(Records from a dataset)
◆ ◆ ◆

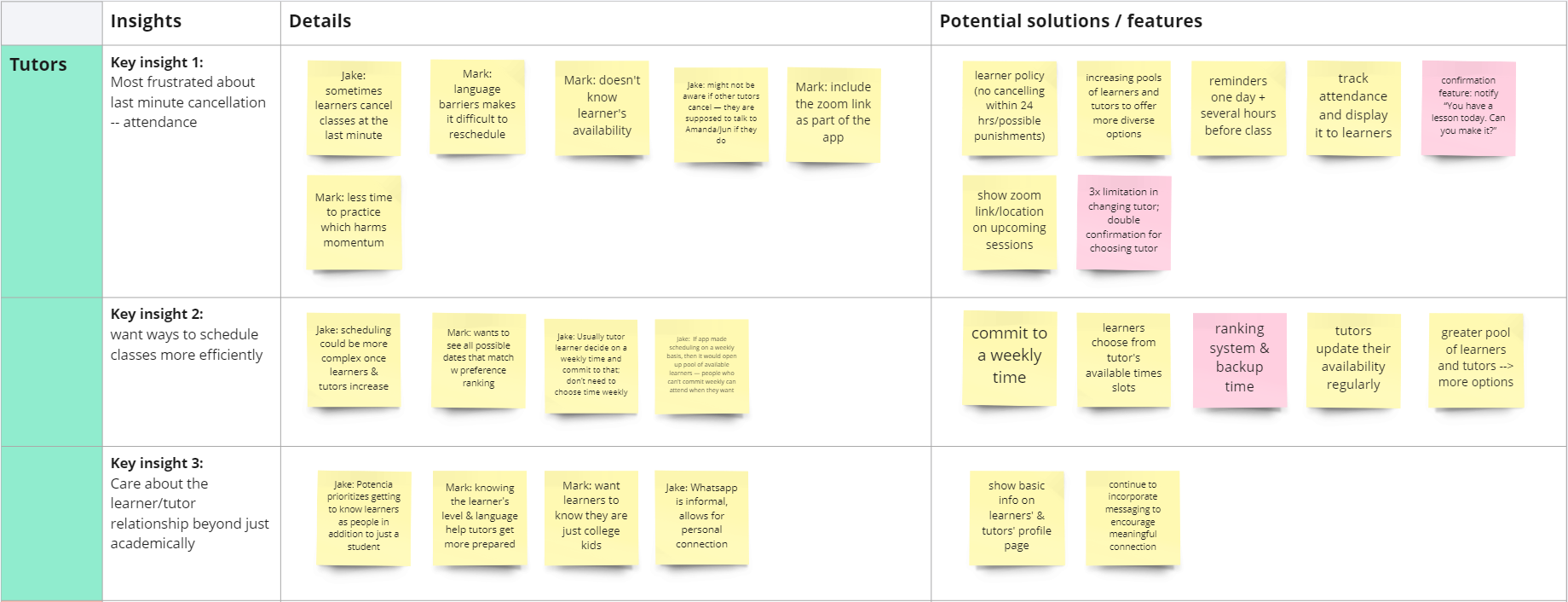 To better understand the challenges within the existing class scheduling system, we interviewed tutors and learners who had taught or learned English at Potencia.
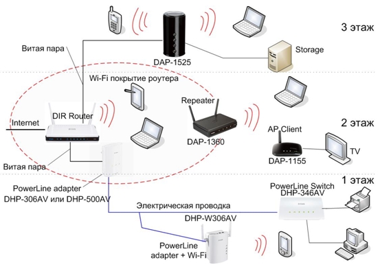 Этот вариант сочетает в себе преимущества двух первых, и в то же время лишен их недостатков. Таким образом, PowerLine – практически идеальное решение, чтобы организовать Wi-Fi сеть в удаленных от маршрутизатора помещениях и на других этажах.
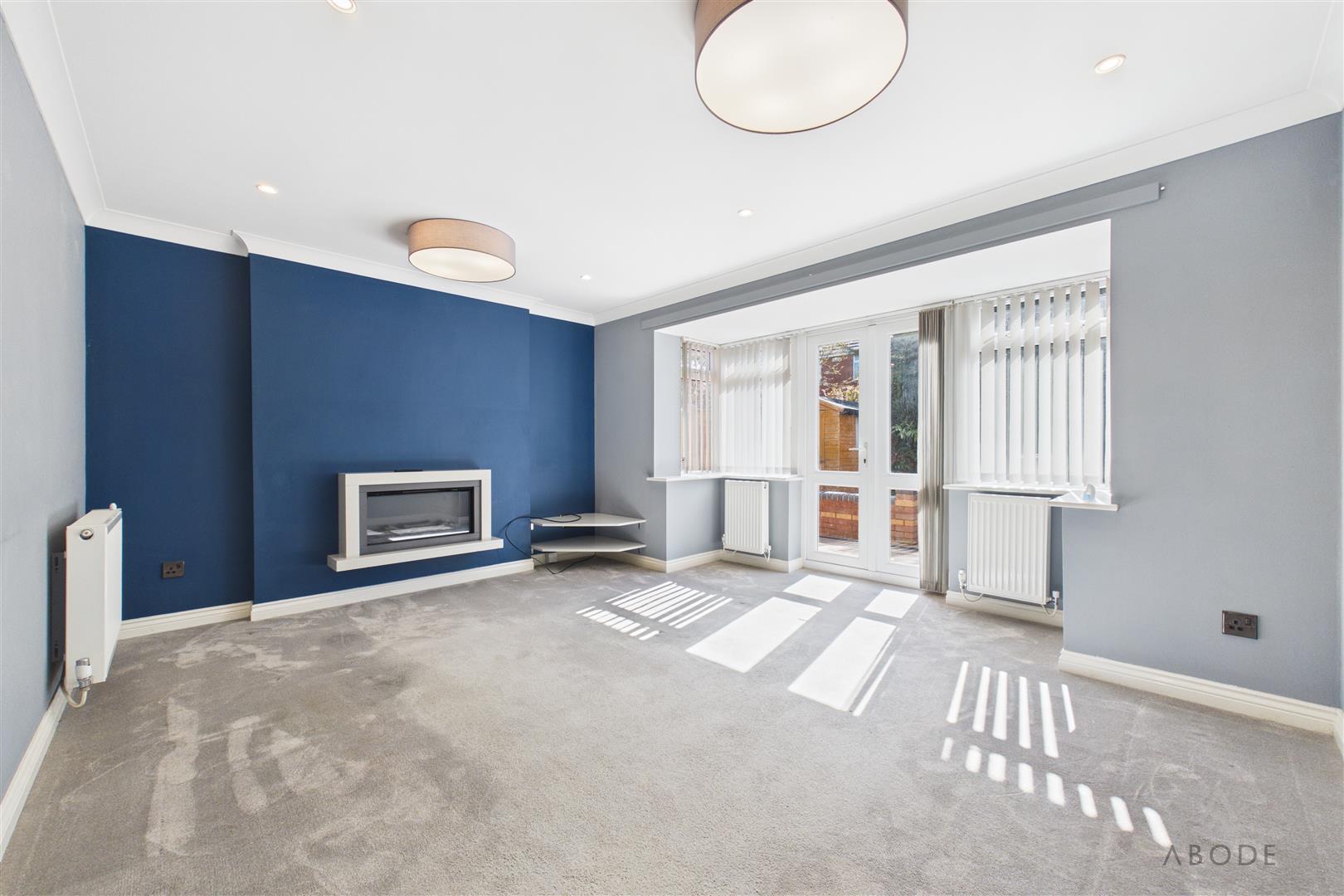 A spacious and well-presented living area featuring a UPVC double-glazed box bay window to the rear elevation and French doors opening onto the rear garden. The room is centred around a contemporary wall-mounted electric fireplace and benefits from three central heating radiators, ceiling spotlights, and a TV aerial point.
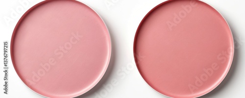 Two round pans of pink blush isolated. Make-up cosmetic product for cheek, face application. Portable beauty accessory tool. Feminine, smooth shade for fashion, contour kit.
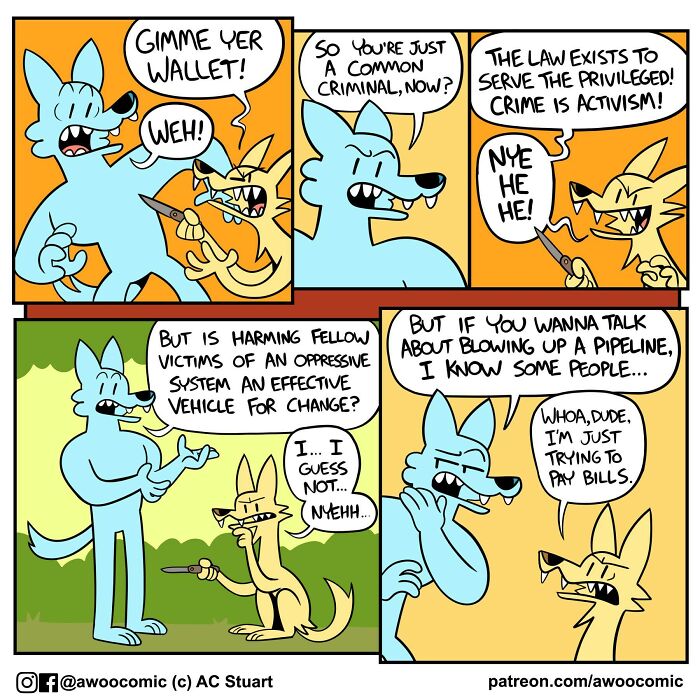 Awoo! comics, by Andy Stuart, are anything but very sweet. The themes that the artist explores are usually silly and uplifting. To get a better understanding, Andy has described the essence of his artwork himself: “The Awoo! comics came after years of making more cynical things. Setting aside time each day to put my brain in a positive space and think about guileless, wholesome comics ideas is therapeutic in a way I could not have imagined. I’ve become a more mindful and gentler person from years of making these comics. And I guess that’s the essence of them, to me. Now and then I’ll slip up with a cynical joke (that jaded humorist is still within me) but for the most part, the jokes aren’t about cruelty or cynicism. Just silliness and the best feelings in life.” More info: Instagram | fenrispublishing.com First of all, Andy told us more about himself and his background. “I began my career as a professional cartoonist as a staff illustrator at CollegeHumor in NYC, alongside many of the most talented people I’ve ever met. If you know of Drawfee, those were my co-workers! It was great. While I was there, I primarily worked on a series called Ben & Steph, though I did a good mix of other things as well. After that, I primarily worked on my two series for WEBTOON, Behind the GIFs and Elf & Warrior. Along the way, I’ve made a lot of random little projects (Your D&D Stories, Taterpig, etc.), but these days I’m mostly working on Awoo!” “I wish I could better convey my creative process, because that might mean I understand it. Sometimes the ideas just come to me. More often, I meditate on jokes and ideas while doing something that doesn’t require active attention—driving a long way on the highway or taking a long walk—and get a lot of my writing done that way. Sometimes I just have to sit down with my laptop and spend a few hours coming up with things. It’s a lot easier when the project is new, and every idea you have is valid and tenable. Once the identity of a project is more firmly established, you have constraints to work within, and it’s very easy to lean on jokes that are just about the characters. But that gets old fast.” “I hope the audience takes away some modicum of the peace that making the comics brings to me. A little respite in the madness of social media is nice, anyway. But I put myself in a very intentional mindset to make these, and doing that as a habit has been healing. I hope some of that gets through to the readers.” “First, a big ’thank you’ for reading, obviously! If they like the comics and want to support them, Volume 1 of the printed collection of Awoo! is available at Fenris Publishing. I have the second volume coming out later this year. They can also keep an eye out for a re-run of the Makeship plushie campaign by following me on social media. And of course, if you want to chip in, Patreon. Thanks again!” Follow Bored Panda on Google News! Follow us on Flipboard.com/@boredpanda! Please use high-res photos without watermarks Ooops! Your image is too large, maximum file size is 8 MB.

◆ ◆ ◆

■ **The problem**
Set the pictures aside and reproduce the data above exactly.

■ **Response**
 To better understand the challenges within the existing class scheduling system, we interviewed tutors and learners who had taught or learned English at Potencia.
 Этот вариант сочетает в себе преимущества двух первых, и в то же время лишен их недостатков. Таким образом, PowerLine – практически идеальное решение, чтобы организовать Wi-Fi сеть в удаленных от маршрутизатора помещениях и на других этажах.
 A spacious and well-presented living area featuring a UPVC double-glazed box bay window to the rear elevation and French doors opening onto the rear garden. The room is centred around a contemporary wall-mounted electric fireplace and benefits from three central heating radiators, ceiling spotlights, and a TV aerial point.
 Two round pans of pink blush isolated. Make-up cosmetic product for cheek, face application. Portable beauty accessory tool. Feminine, smooth shade for fashion, contour kit.
 Awoo! comics, by Andy Stuart, are anything but very sweet. The themes that the artist explores are usually silly and uplifting. To get a better understanding, Andy has described the essence of his artwork himself: “The Awoo! comics came after years of making more cynical things. Setting aside time each day to put my brain in a positive space and think about guileless, wholesome comics ideas is therapeutic in a way I could not have imagined. I’ve become a more mindful and gentler person from years of making these comics. And I guess that’s the essence of them, to me. Now and then I’ll slip up with a cynical joke (that jaded humorist is still within me) but for the most part, the jokes aren’t about cruelty or cynicism. Just silliness and the best feelings in life.” More info: Instagram | fenrispublishing.com First of all, Andy told us more about himself and his background. “I began my career as a professional cartoonist as a staff illustrator at CollegeHumor in NYC, alongside many of the most talented people I’ve ever met. If you know of Drawfee, those were my co-workers! It was great. While I was there, I primarily worked on a series called Ben & Steph, though I did a good mix of other things as well. After that, I primarily worked on my two series for WEBTOON, Behind the GIFs and Elf & Warrior. Along the way, I’ve made a lot of random little projects (Your D&D Stories, Taterpig, etc.), but these days I’m mostly working on Awoo!” “I wish I could better convey my creative process, because that might mean I understand it. Sometimes the ideas just come to me. More often, I meditate on jokes and ideas while doing something that doesn’t require active attention—driving a long way on the highway or taking a long walk—and get a lot of my writing done that way. Sometimes I just have to sit down with my laptop and spend a few hours coming up with things. It’s a lot easier when the project is new, and every idea you have is valid and tenable. Once the identity of a project is more firmly established, you have constraints to work within, and it’s very easy to lean on jokes that are just about the characters. But that gets old fast.” “I hope the audience takes away some modicum of the peace that making the comics brings to me. A little respite in the madness of social media is nice, anyway. But I put myself in a very intentional mindset to make these, and doing that as a habit has been healing. I hope some of that gets through to the readers.” “First, a big ’thank you’ for reading, obviously! If they like the comics and want to support them, Volume 1 of the printed collection of Awoo! is available at Fenris Publishing. I have the second volume coming out later this year. They can also keep an eye out for a re-run of the Makeship plushie campaign by following me on social media. And of course, if you want to chip in, Patreon. Thanks again!” Follow Bored Panda on Google News! Follow us on Flipboard.com/@boredpanda! Please use high-res photos without watermarks Ooops! Your image is too large, maximum file size is 8 MB.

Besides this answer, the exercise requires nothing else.